▸ DATA SECTION:

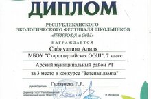 Декабрь аенда булып узган Республикакүләм экологик бәйгенең нәтиҗәләре билгеле булды. Конкурс нәтиҗәләре буенча 7 класс укучысы Сафиуллина Әдилә 3 урынга лаек булды, ә Сабирова Сара һәм Гилязетдинов Рәсим сертификатлар белән бүләкләнде. (җитәкче Гилязиева Г.Р.) Укучыларга уңышлар,молодцы!
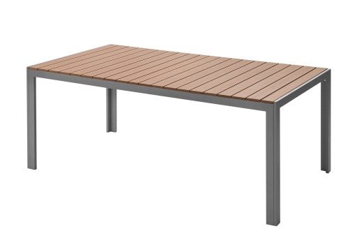 Prostokątny stół ogrodowy z desek kompozytowych WPC i aluminium.
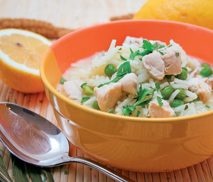 3. Se adaugă apă din când în când, se pune mazărea şi, spre sfârşit, se condimentează cu sare, piper şi un praf de şofran, un praf de nucşoară şi se lasă să mai fiarbă 5-10 minute.
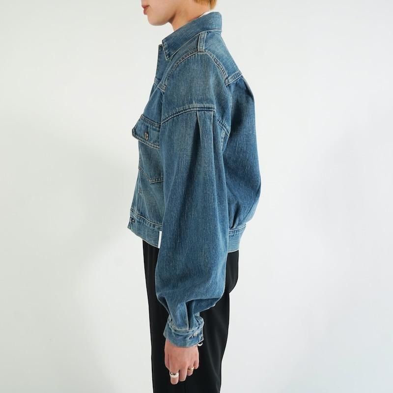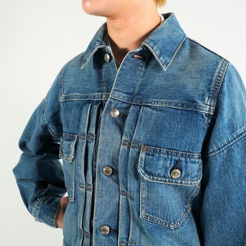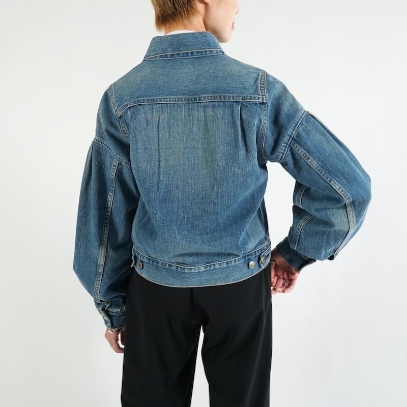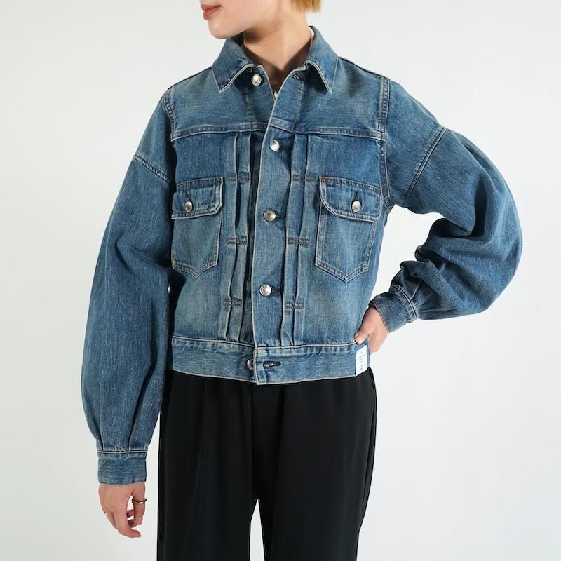 大きなデザインの特徴は袖と後身頃に通常のデニムジャケットよりも大きなタックが入っており立体的な女性らしいフォルムが魅力的な一点です。
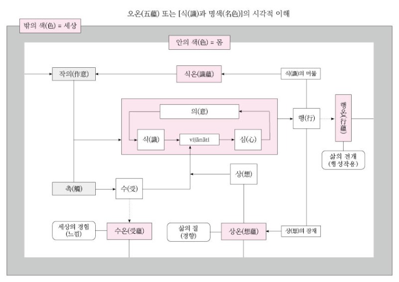 여기서 ‘명색의 참여’는 몸에 구속된 존재의 특성에서 이해해야 하는데, 명색을 구성하는 색(色)-수(受)-상(想)-사(思)[행(行)]도 무더기[온(蘊)]입니다.
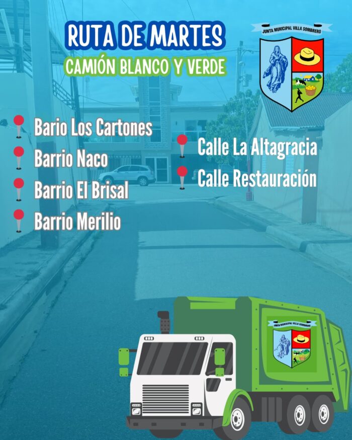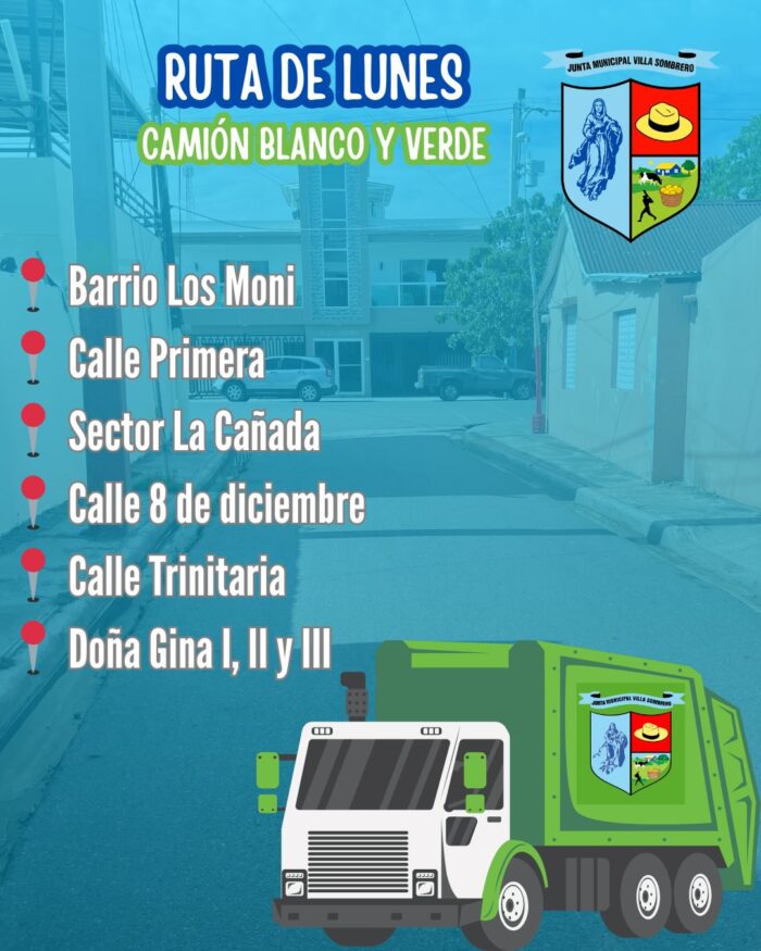 Compartimos con ustedes la actualización de las rutas de recolección de desechos sólidos por sectores y barrios, para que juntos mantengamos nuestra comunidad limpia y ordenada. ![]()
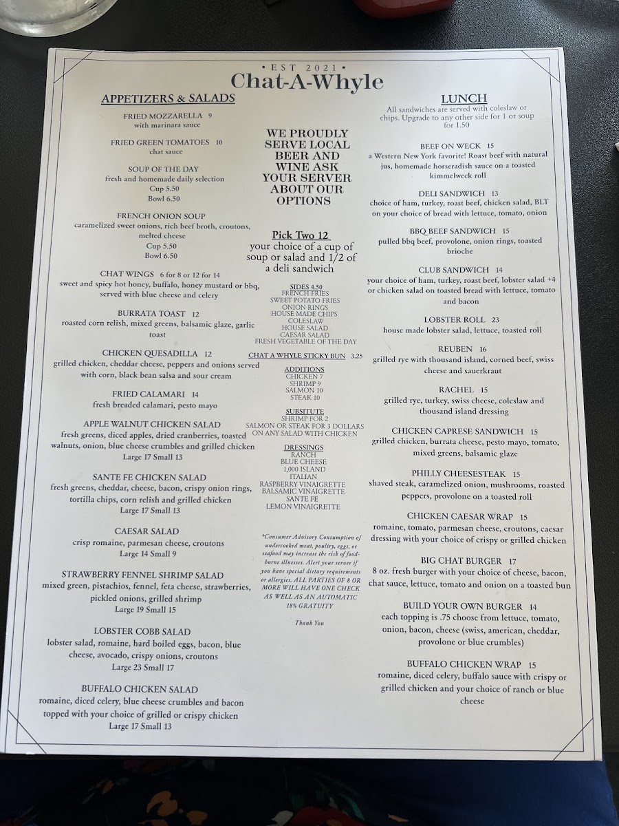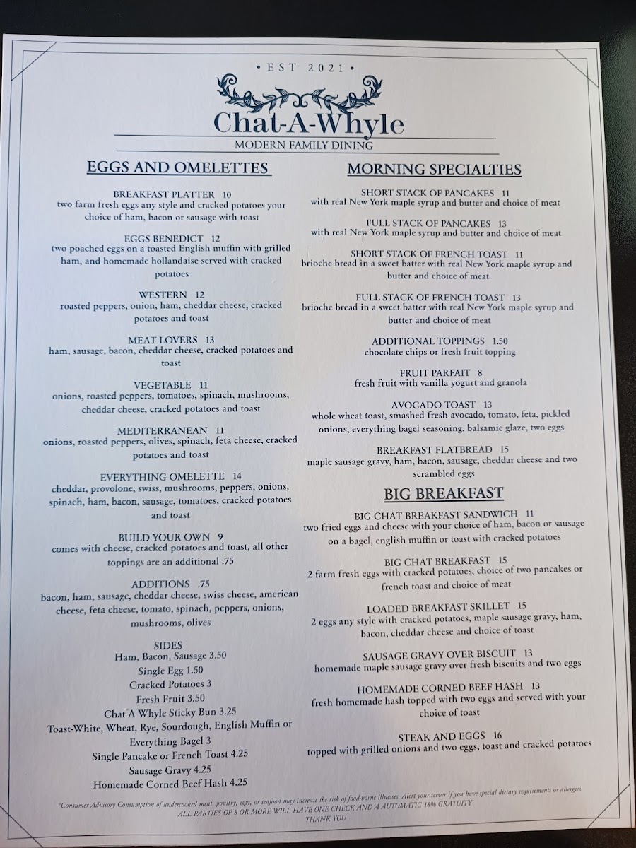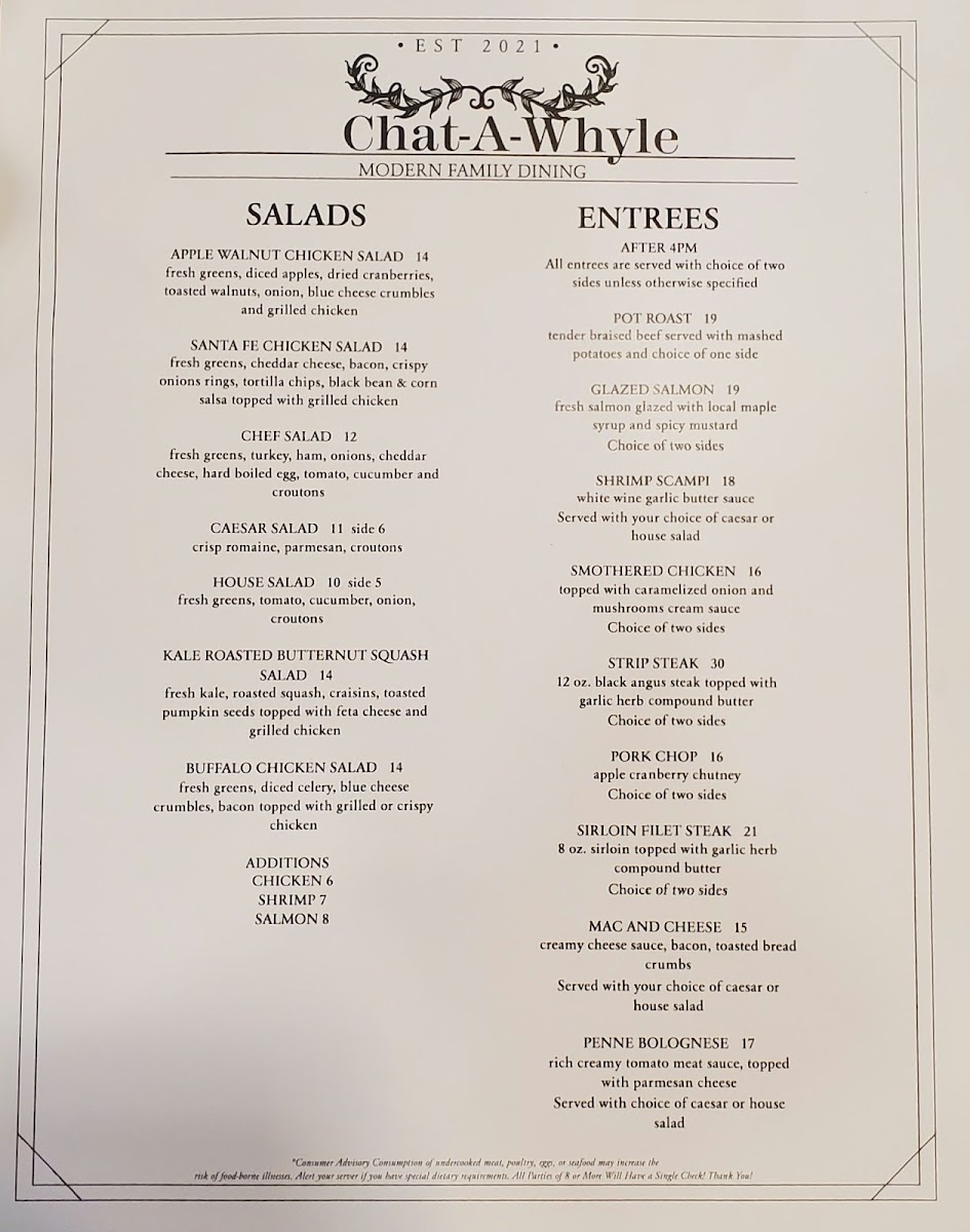 Chat-A-Whyle Restaurant Menu
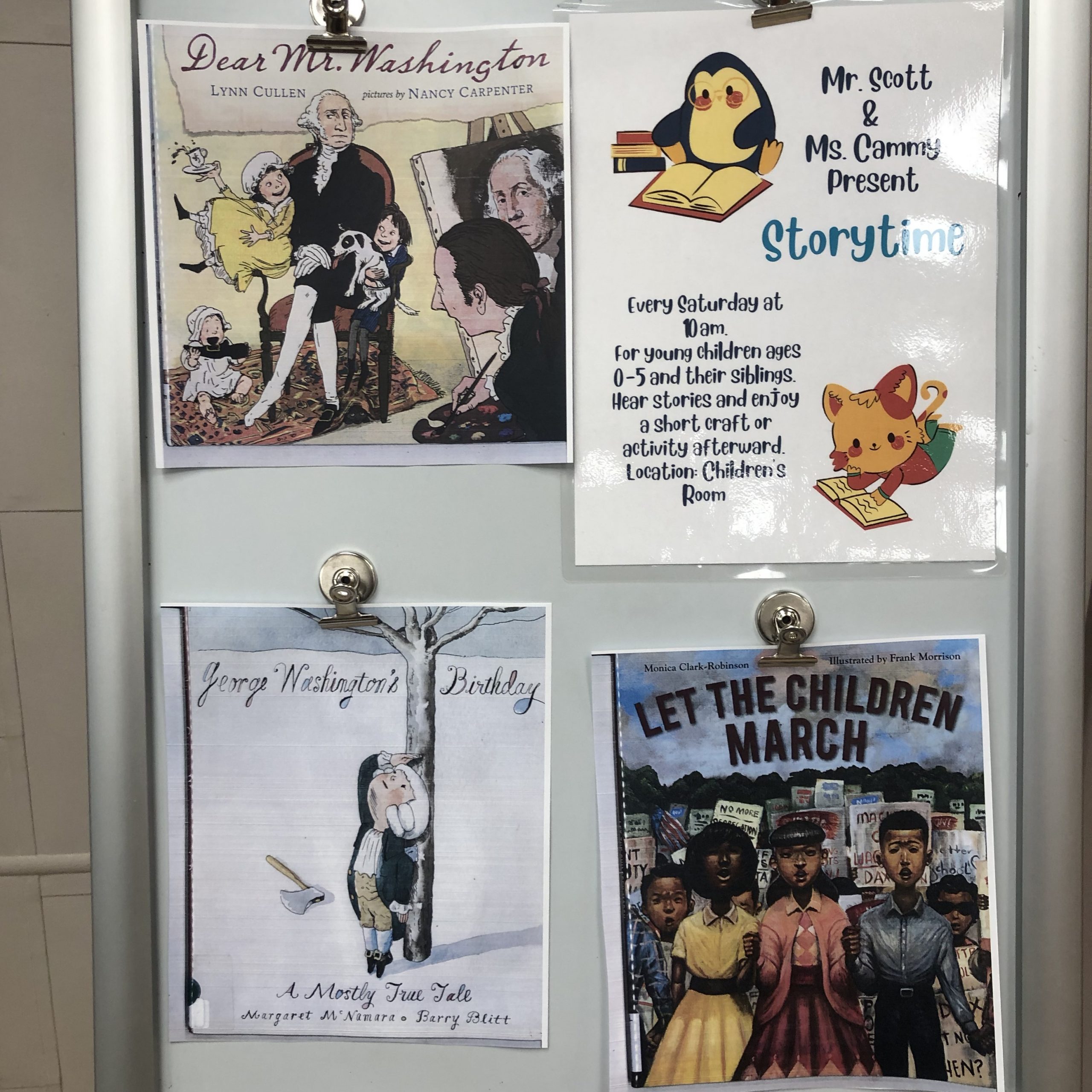 Join us for Storytime on Saturday, February 25th in the Children’s Room at 10 AM. Miss Cammy will be reading Dear Mr. Washington by Lynn Cullen and George Washington’s Birthday A Mostly True Tale by Margaret McNamara to celebrate George Washington’s Birthday, and Let the Children March by Monica Clark-Robinson in honor of Black History Month.
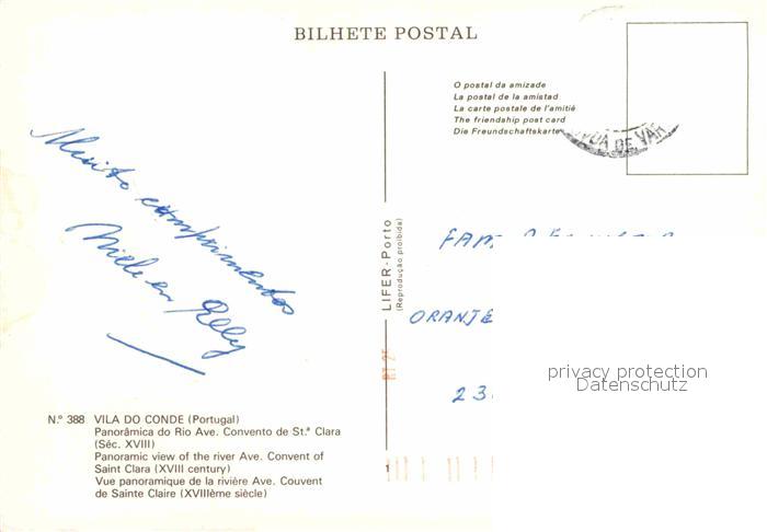 old postcard Vila do Conde Rio Ave Convento de St. Clara postalisch gelaufen Erhaltung siehe scans [NatalD47]
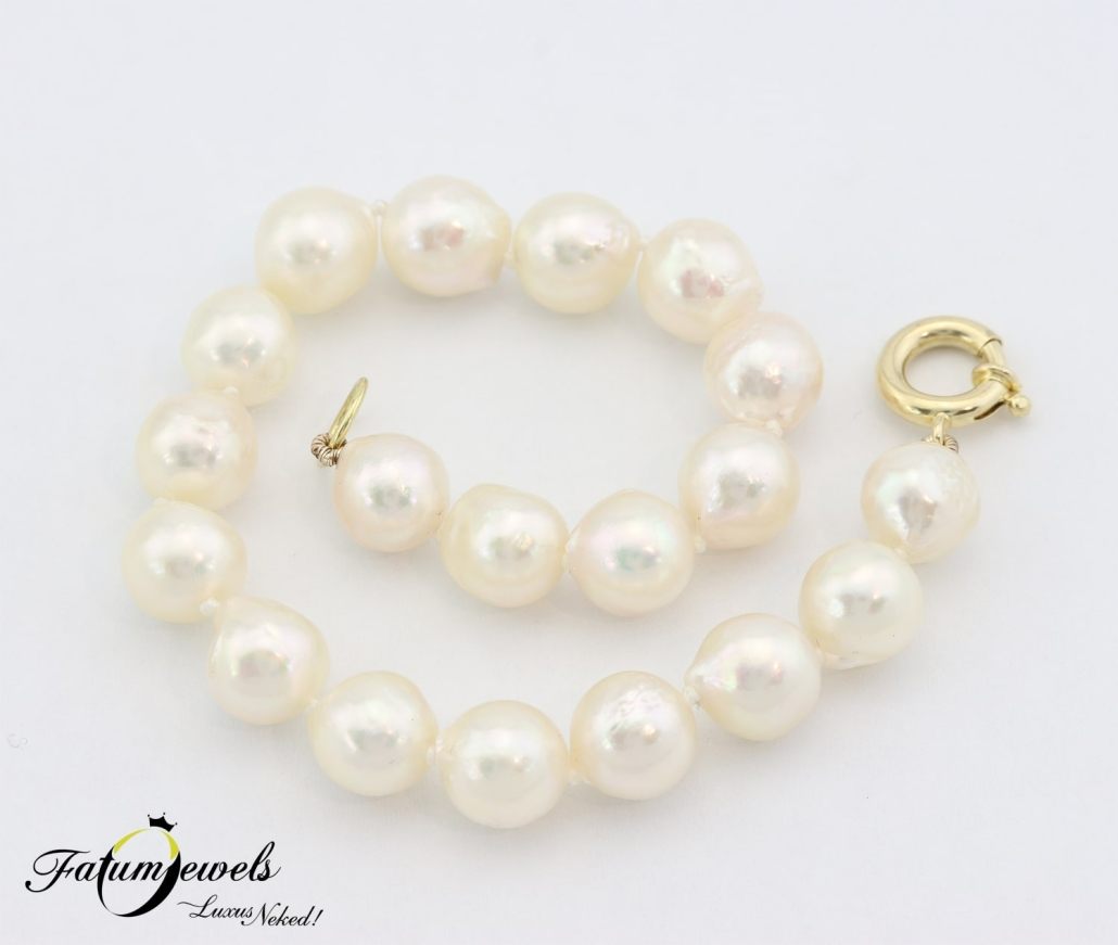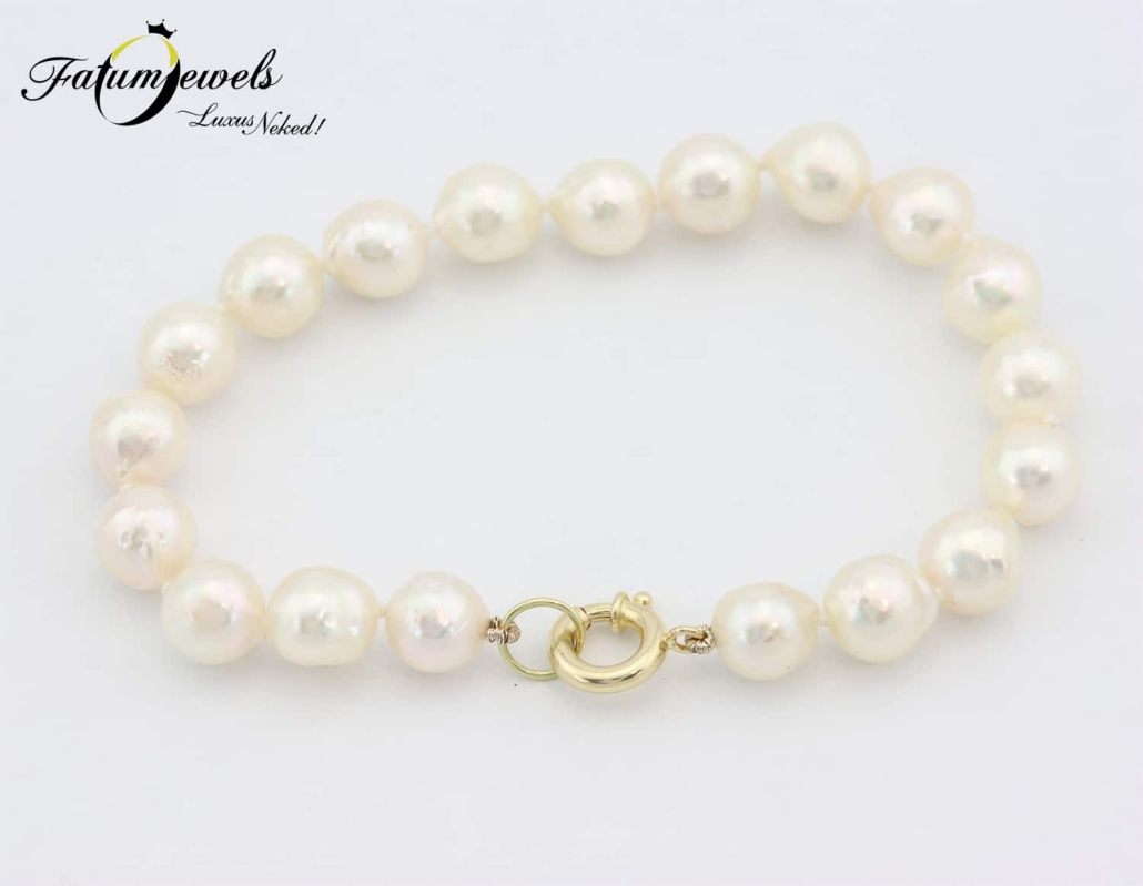 Tökéletes gömb alakú sósvízi gyöngyökből álló gyöngy karkötő meglepően kedvező áron a Fatumjewels Galéria tervezésében. Kedveled a fehéret, de a hófehér túl rideg számodra? Ez a lágyan fehér gyöngy karkötő sárga arany kapoccsal éppen neked készült. Az ára meglehetősen kedvező. Minden alkalomra kitűnő kiegészítőként szolgál.

▸ TASK TO COMPLETE: What is needed is an exact copy of the lines from the beginning of the data through the line containing "Prostokątny stół ogrodowy", both included, without any pictures.

▸ WRITTEN SOLUTION:
 Декабрь аенда булып узган Республикакүләм экологик бәйгенең нәтиҗәләре билгеле булды. Конкурс нәтиҗәләре буенча 7 класс укучысы Сафиуллина Әдилә 3 урынга лаек булды, ә Сабирова Сара һәм Гилязетдинов Рәсим сертификатлар белән бүләкләнде. (җитәкче Гилязиева Г.Р.) Укучыларга уңышлар,молодцы!
 Prostokątny stół ogrodowy z desek kompozytowych WPC i aluminium.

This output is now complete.